▶ [DIRECTIONS FOR THIS TASK] Using the data below, set down every line from the one containing "成员听第一代移民户奋斗史 小组成员参加脱土坯体验农活" through the one containing "Now I have a", inclusive and unchanged. Pictures are to be skipped.

▶ [INFORMATION SHOWN]
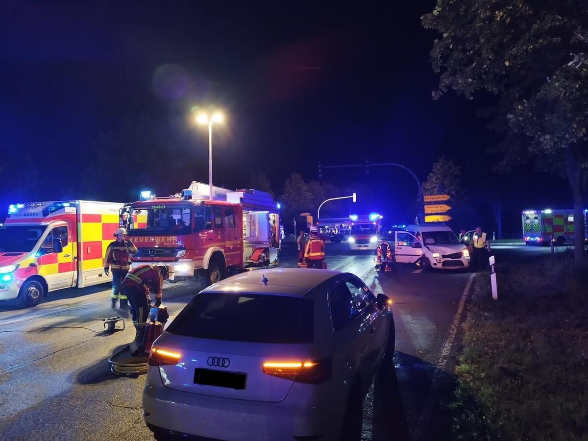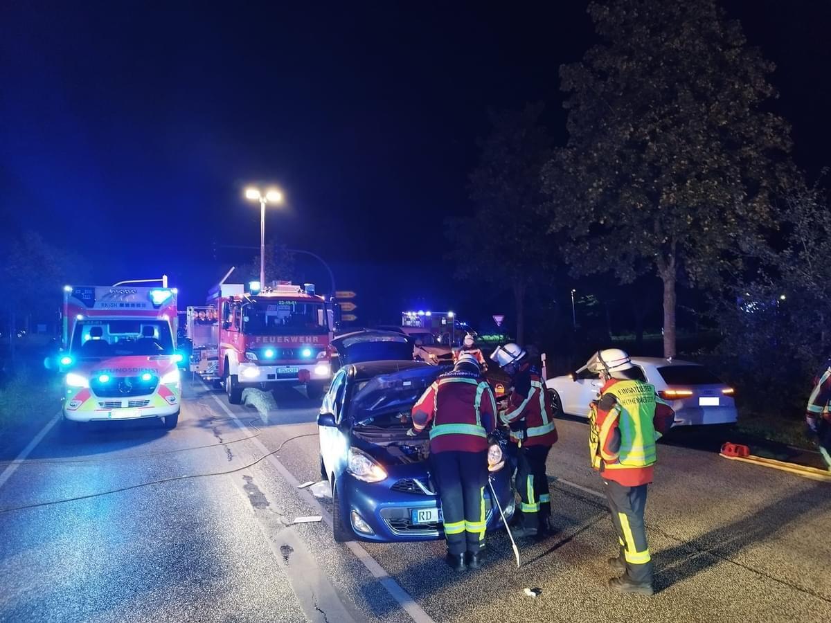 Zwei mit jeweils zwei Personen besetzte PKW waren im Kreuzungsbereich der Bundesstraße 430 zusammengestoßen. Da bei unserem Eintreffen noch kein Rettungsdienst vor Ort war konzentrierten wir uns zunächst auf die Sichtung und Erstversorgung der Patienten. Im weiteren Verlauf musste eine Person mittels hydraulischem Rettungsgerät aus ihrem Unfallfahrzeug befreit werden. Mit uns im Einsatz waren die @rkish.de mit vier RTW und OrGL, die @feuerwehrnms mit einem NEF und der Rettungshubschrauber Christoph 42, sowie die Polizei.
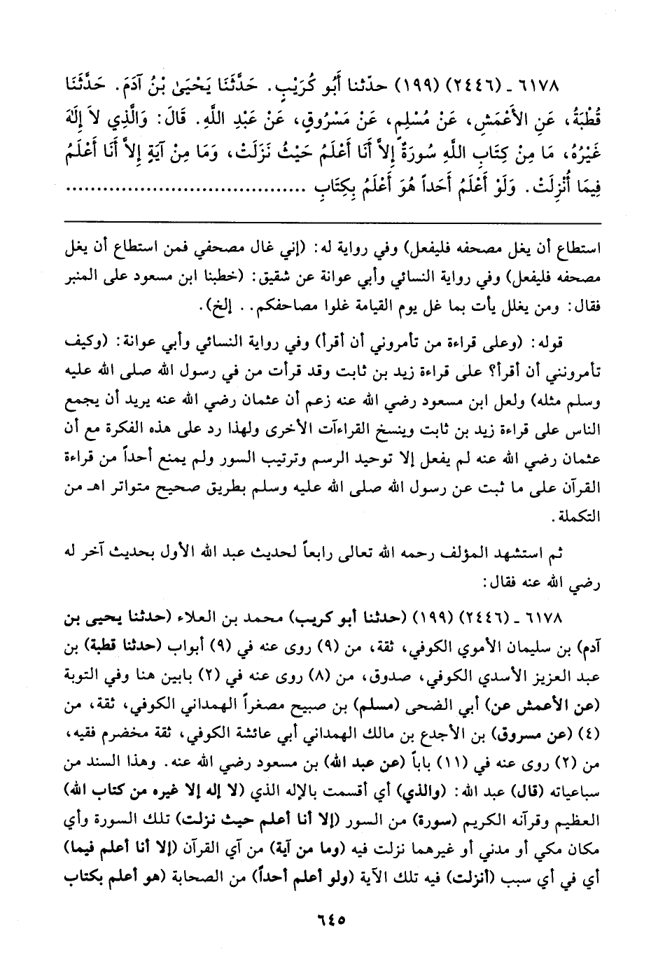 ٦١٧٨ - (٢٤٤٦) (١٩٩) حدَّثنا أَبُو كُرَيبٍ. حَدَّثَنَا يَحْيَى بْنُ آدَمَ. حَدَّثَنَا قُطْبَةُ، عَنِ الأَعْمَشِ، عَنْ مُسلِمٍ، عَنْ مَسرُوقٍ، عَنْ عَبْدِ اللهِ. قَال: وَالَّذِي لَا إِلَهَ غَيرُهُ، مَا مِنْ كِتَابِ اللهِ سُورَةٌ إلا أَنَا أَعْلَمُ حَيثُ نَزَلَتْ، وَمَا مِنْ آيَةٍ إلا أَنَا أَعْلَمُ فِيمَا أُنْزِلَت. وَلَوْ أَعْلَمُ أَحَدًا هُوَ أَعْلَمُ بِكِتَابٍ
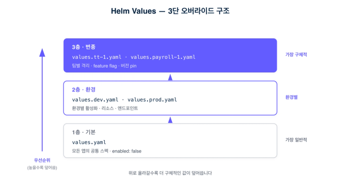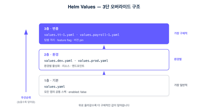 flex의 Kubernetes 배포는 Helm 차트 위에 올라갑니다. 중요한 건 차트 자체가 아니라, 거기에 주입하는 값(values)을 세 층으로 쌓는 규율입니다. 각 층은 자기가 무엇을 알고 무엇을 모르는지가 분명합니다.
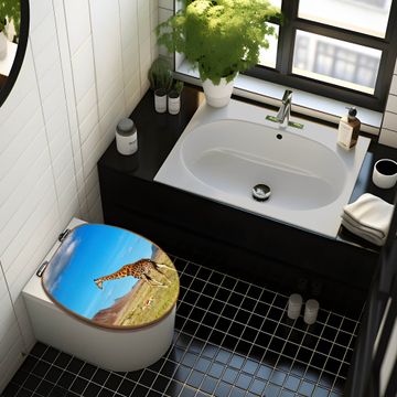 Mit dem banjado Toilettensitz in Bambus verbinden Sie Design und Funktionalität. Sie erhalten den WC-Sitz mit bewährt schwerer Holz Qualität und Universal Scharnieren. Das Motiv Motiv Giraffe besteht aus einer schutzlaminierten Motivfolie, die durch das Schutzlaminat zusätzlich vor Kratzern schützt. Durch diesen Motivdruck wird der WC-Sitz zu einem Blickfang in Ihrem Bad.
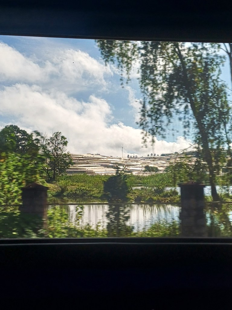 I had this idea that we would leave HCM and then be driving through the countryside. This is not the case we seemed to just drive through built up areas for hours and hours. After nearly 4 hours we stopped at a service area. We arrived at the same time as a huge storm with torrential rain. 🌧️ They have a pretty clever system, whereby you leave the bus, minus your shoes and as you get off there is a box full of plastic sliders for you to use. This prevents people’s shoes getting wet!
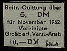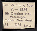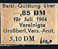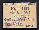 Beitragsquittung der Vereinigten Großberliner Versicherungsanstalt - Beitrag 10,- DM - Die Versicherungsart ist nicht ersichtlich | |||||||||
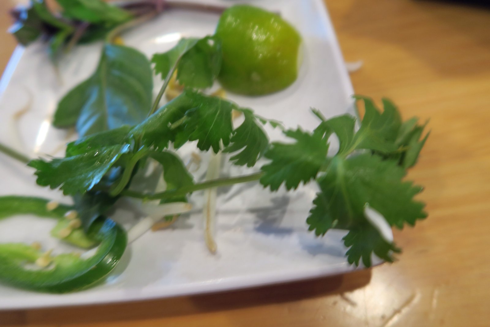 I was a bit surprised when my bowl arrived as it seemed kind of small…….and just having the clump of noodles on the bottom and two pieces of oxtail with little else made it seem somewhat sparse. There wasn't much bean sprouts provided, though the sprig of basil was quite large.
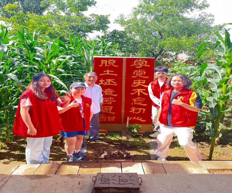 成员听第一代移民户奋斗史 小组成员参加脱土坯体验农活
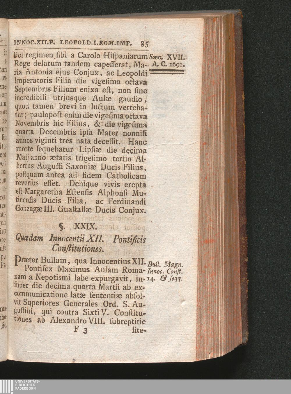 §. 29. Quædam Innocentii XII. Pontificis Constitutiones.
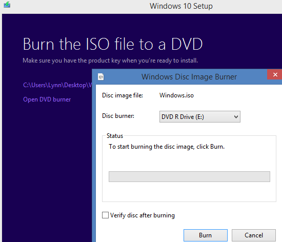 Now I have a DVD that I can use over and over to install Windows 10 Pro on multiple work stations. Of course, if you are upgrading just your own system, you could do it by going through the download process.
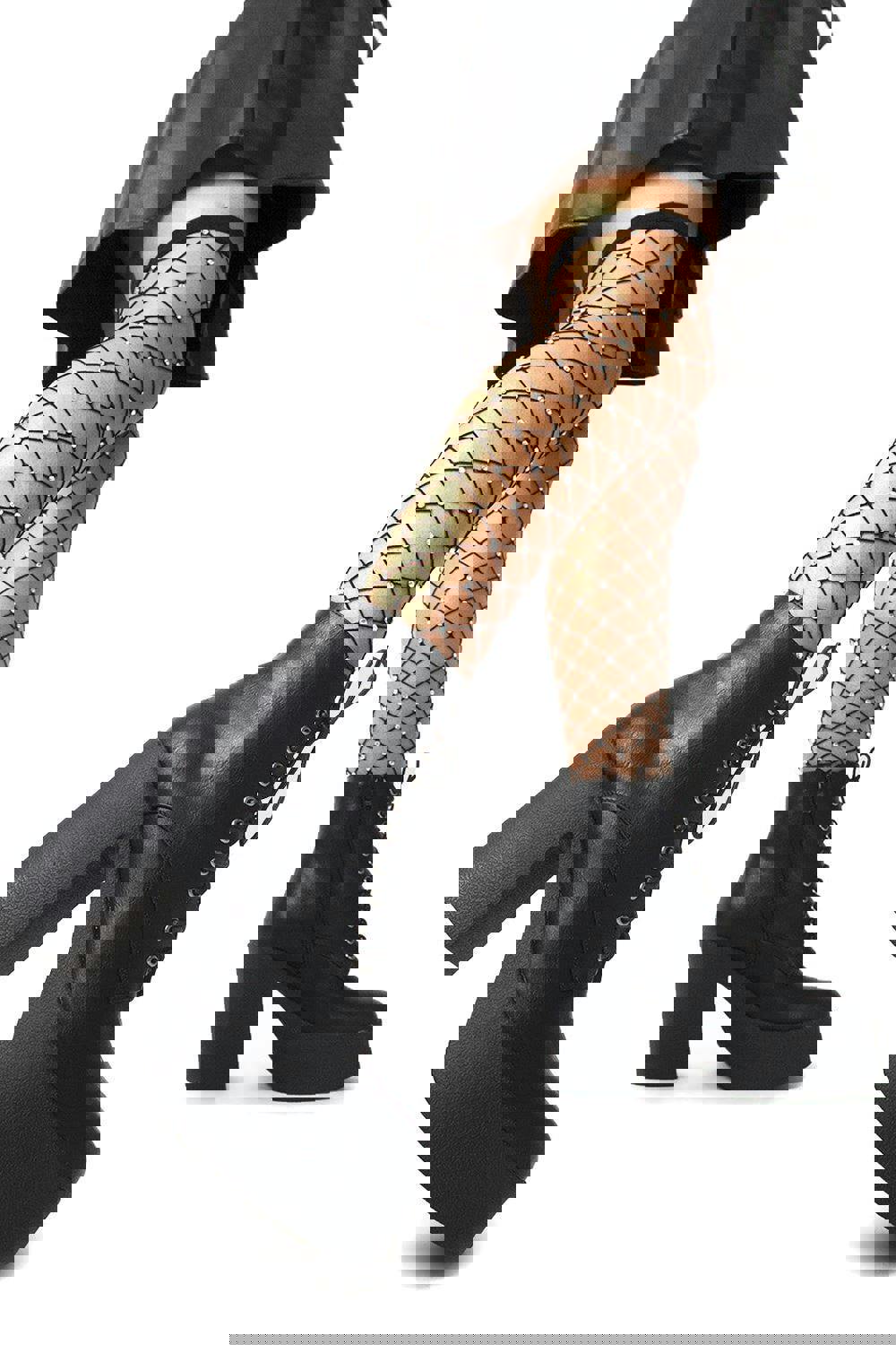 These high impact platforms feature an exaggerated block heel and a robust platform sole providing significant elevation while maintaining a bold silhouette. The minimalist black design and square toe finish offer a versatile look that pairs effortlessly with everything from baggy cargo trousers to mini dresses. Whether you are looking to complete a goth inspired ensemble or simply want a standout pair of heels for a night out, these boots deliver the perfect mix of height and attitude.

...

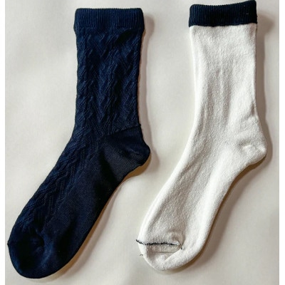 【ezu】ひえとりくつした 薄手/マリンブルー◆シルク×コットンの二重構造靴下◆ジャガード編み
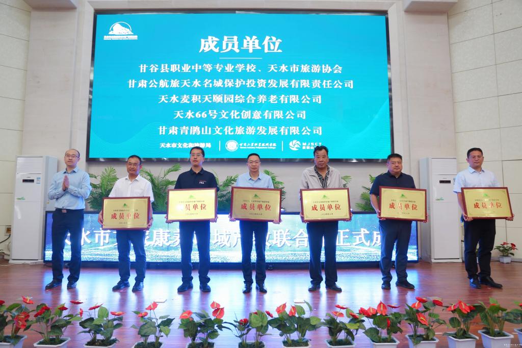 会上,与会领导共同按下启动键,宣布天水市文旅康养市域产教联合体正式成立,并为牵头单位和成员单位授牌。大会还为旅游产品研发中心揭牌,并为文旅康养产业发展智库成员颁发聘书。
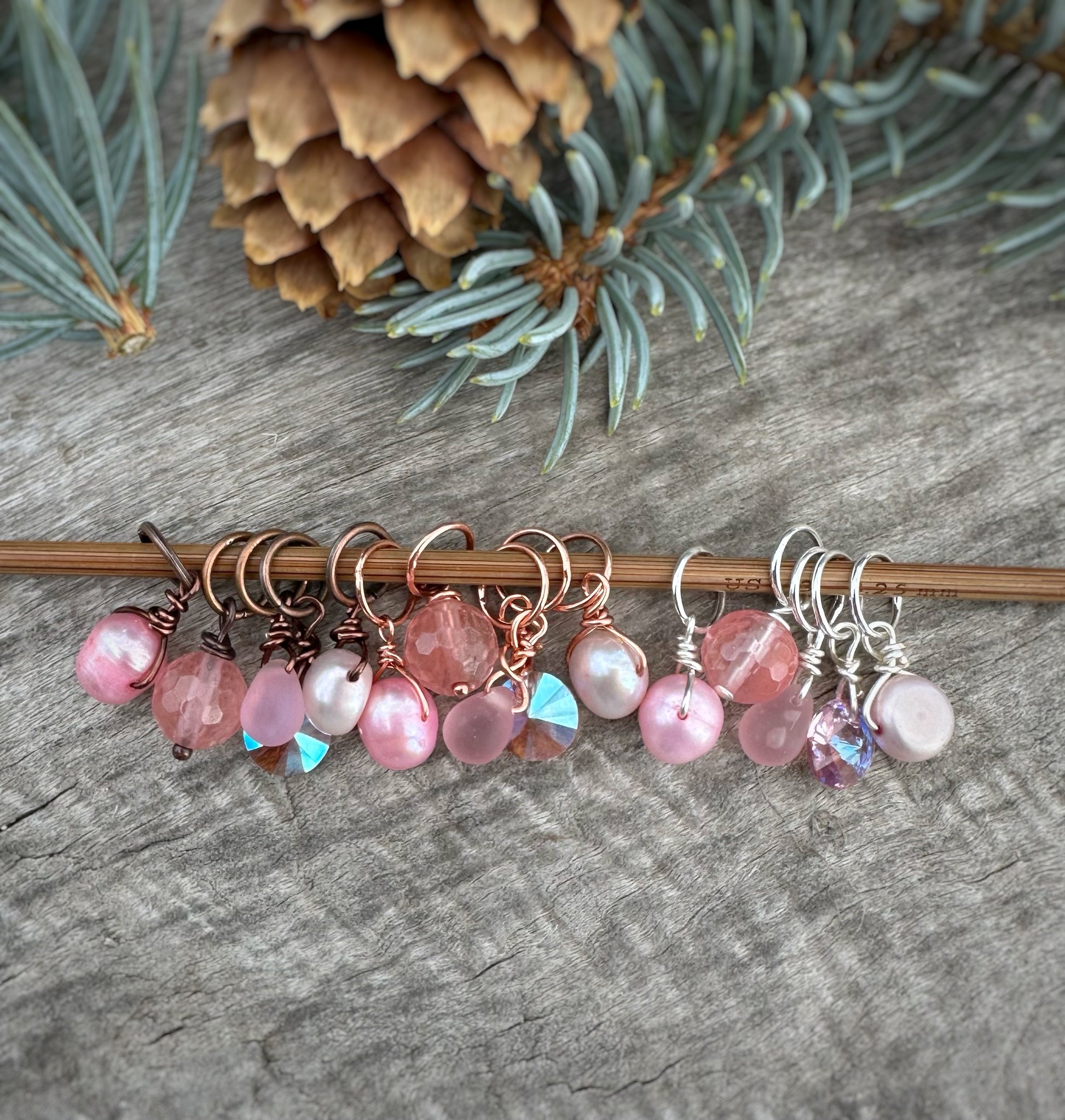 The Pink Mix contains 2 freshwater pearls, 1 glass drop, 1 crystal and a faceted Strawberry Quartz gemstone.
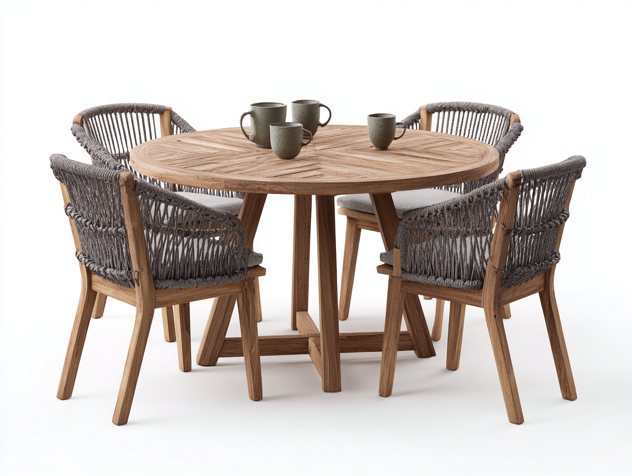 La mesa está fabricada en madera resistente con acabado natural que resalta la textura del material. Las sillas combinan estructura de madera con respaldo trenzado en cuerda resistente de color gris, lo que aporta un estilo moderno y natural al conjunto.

---

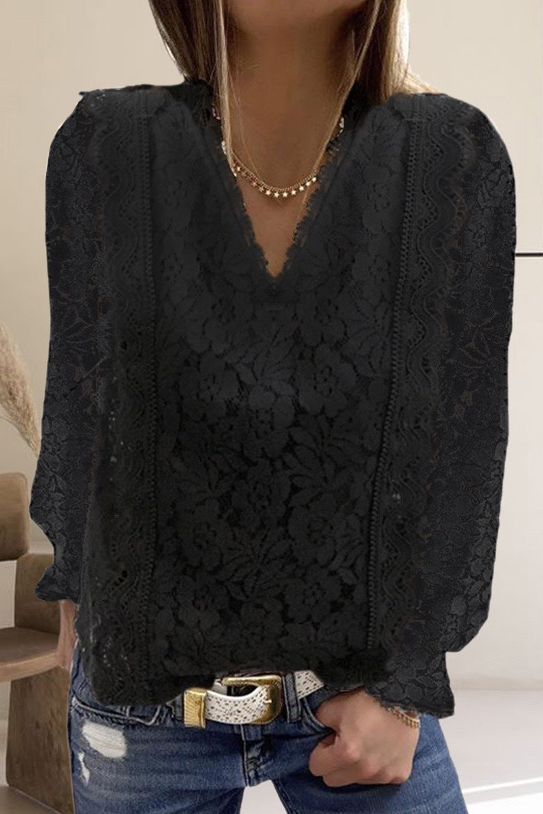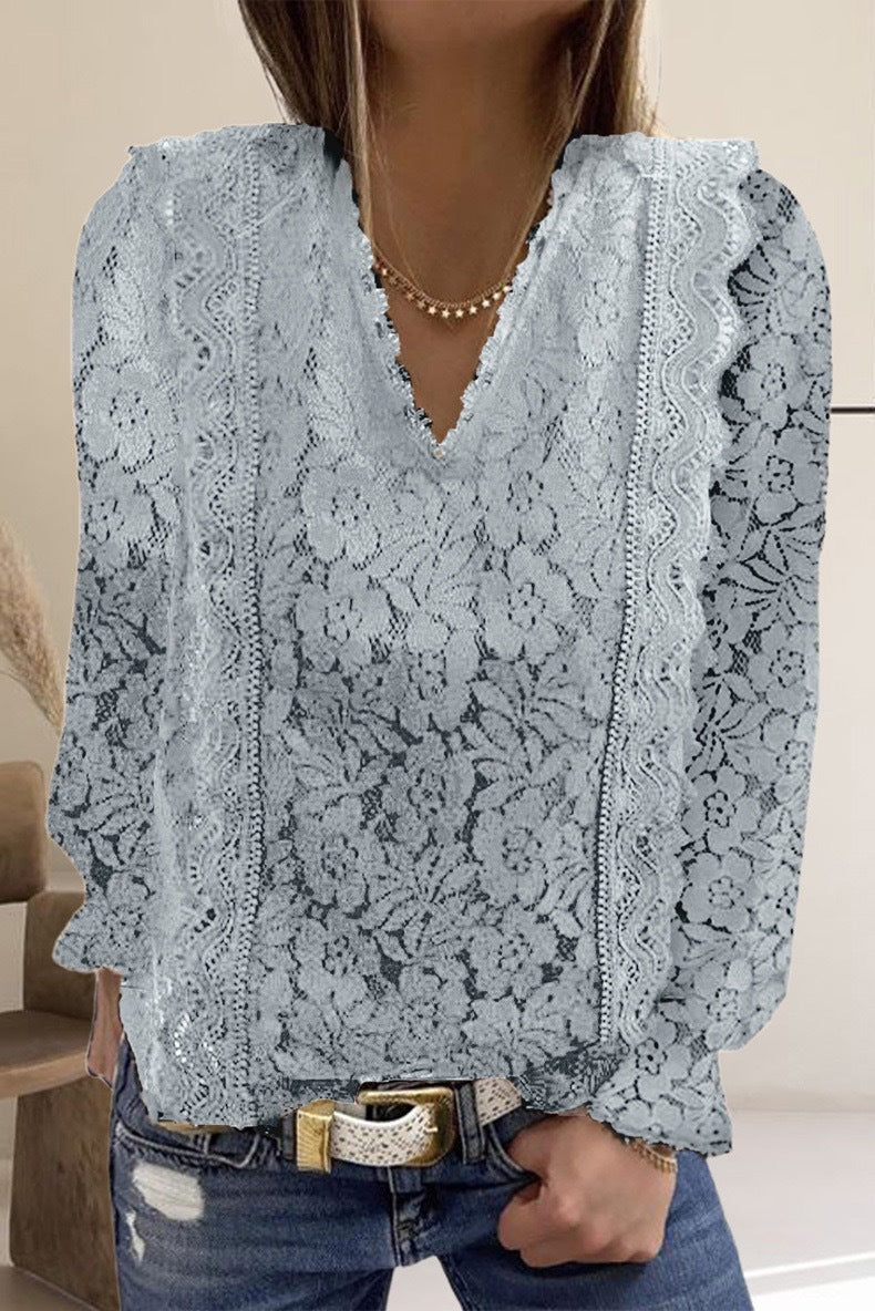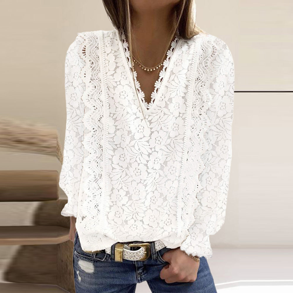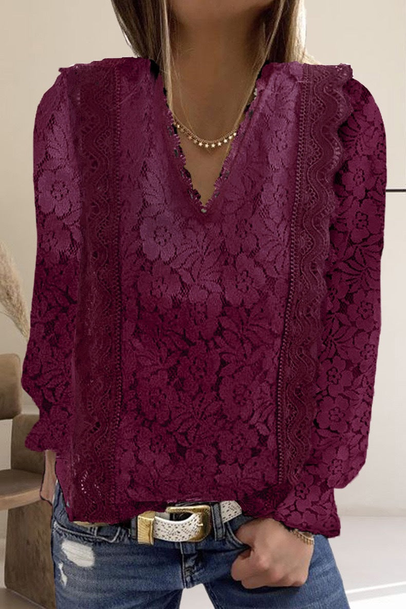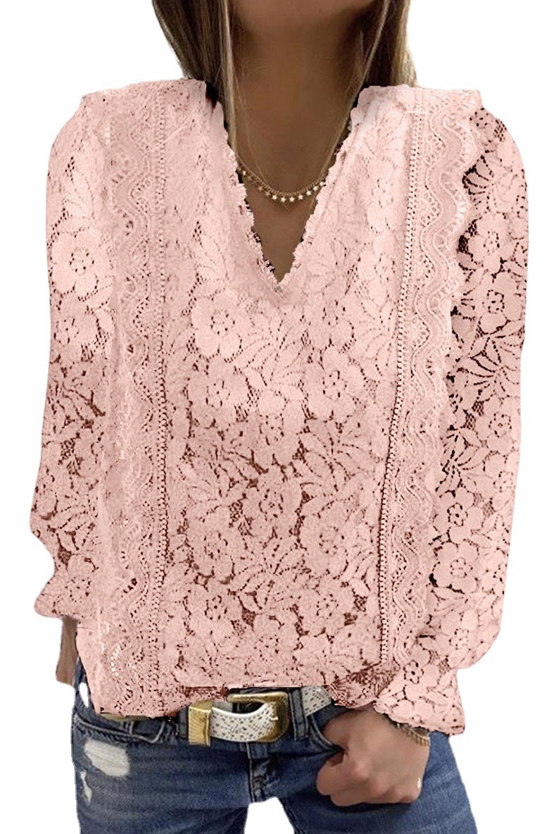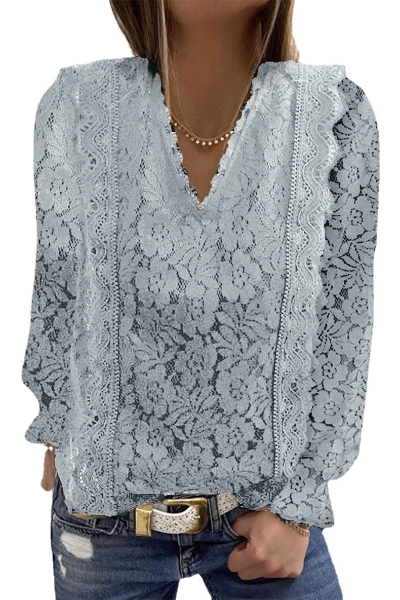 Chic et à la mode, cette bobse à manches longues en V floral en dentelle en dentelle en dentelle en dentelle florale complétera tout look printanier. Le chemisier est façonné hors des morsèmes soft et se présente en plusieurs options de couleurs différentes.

▶ [RESULT OF THIS TASK]
 成员听第一代移民户奋斗史 小组成员参加脱土坯体验农活
 §. 29. Quædam Innocentii XII. Pontificis Constitutiones.
 Now I have a DVD that I can use over and over to install Windows 10 Pro on multiple work stations. Of course, if you are upgrading just your own system, you could do it by going through the download process.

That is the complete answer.